··· Records for the exercise
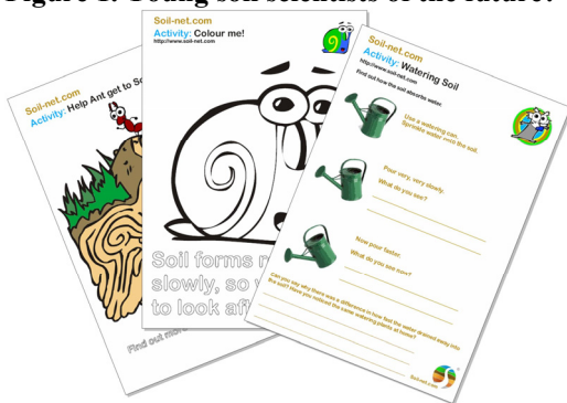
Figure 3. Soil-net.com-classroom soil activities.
······
··· Records for the exercise
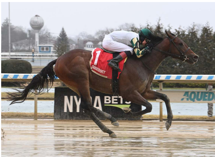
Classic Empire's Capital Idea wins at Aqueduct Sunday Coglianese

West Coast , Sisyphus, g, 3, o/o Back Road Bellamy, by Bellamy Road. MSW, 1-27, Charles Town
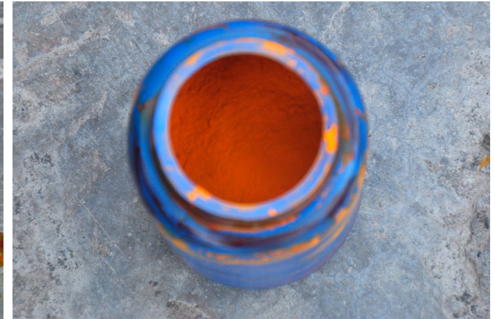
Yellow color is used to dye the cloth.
······
Activity: Pictures excluded, transcribe the listing above exactly from the line with "West Coast , Sisyphus, g, 3, o/o" through the line with "Yellow color is used to dye the cloth.", and no further.

Answer:
West Coast , Sisyphus, g, 3, o/o Back Road Bellamy, by Bellamy Road. MSW, 1-27, Charles Town
Yellow color is used to dye the cloth.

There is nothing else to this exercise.